⟨

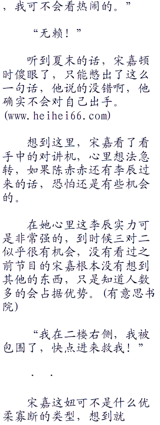 看了一眼宋嘉那似懂非懂的表情,夏末悠哉的解释,道:“每一期祖蓝的对手都是女人。。或者是陈赤赤。”
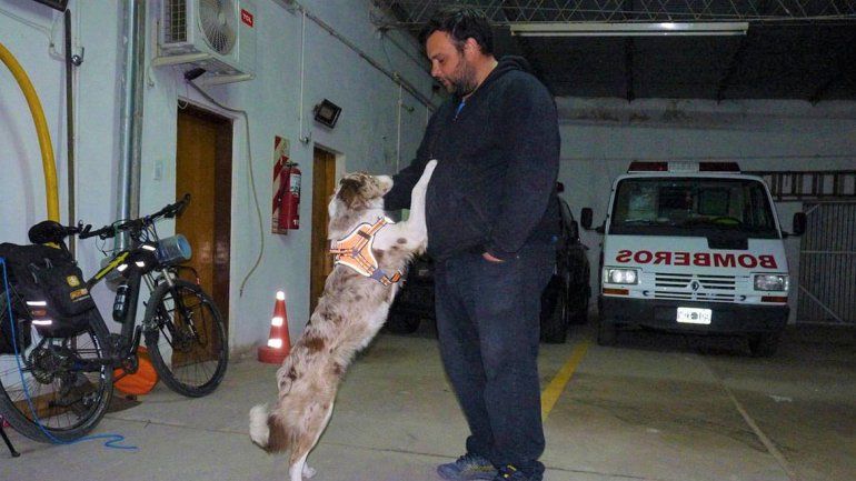 En un pequeño carrito atado a la bici viaja Dina, una border collie de un año y medio que se especializa en búsqueda y rescate. “En el viaje mantenemos su entrenamiento a través de juegos. Necesita conocer otras ciudades y personas para habituarse cuando se necesite su experiencia para una situación de búsqueda”, contó Nicolás.
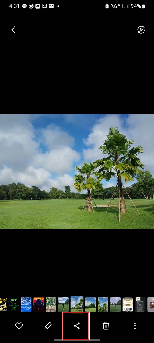원하는 사진을 선택한후 하단에서 위의 사진에 표시된 공유하기 아이콘을 터치합니다.
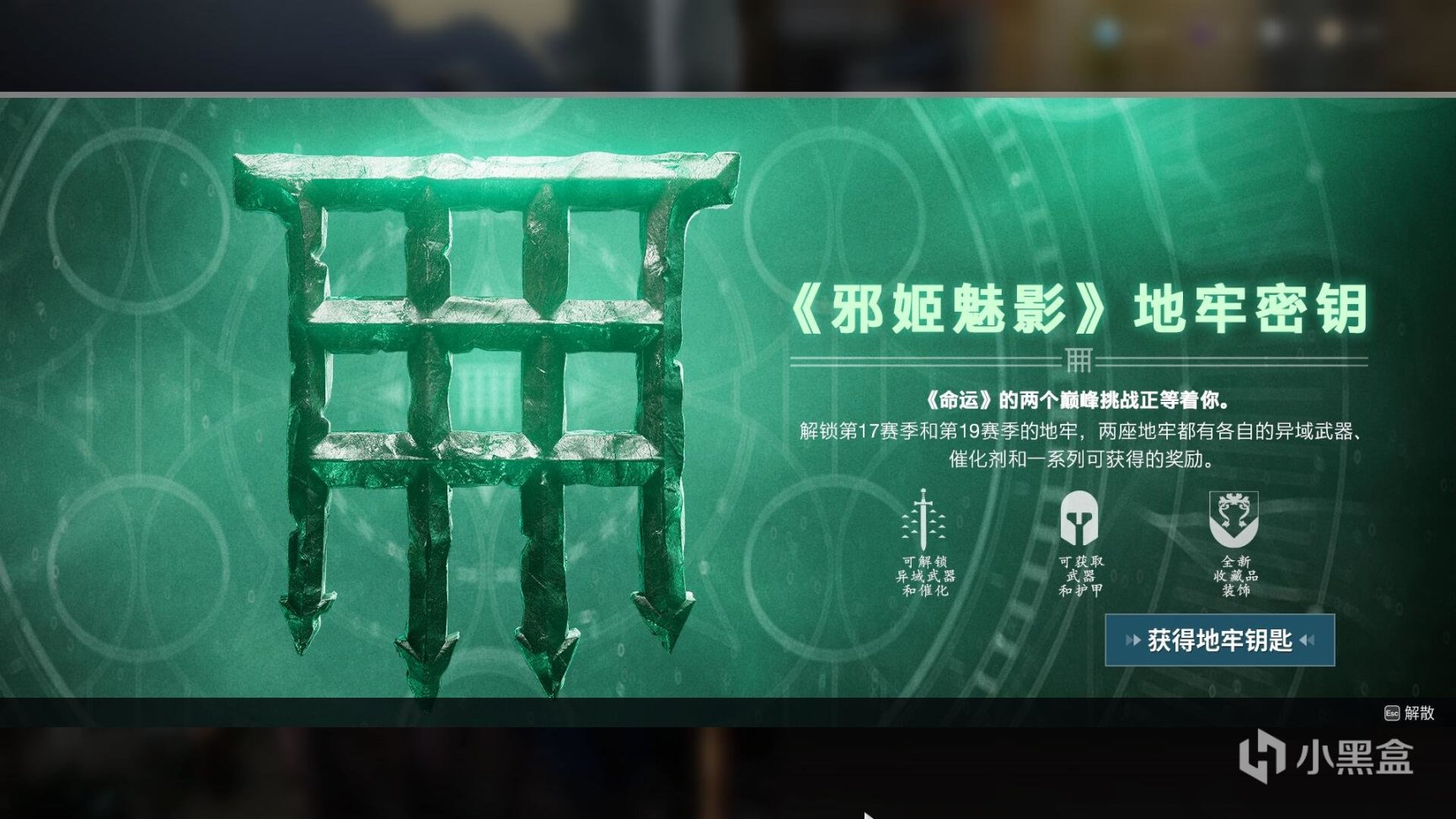 因为新地牢的加入,S19赛季加入的守望者尖塔地牢将加入地牢轮换(轮换到时才能打守望者尖塔的大师难度)

⟩

AIM OF THE EXERCISE: Copy the material exactly. Do not include the pictures.

ANSWER TO THIS EXERCISE:
 看了一眼宋嘉那似懂非懂的表情,夏末悠哉的解释,道:“每一期祖蓝的对手都是女人。。或者是陈赤赤。”
 En un pequeño carrito atado a la bici viaja Dina, una border collie de un año y medio que se especializa en búsqueda y rescate. “En el viaje mantenemos su entrenamiento a través de juegos. Necesita conocer otras ciudades y personas para habituarse cuando se necesite su experiencia para una situación de búsqueda”, contó Nicolás.
원하는 사진을 선택한후 하단에서 위의 사진에 표시된 공유하기 아이콘을 터치합니다.
 因为新地牢的加入,S19赛季加入的守望者尖塔地牢将加入地牢轮换(轮换到时才能打守望者尖塔的大师难度)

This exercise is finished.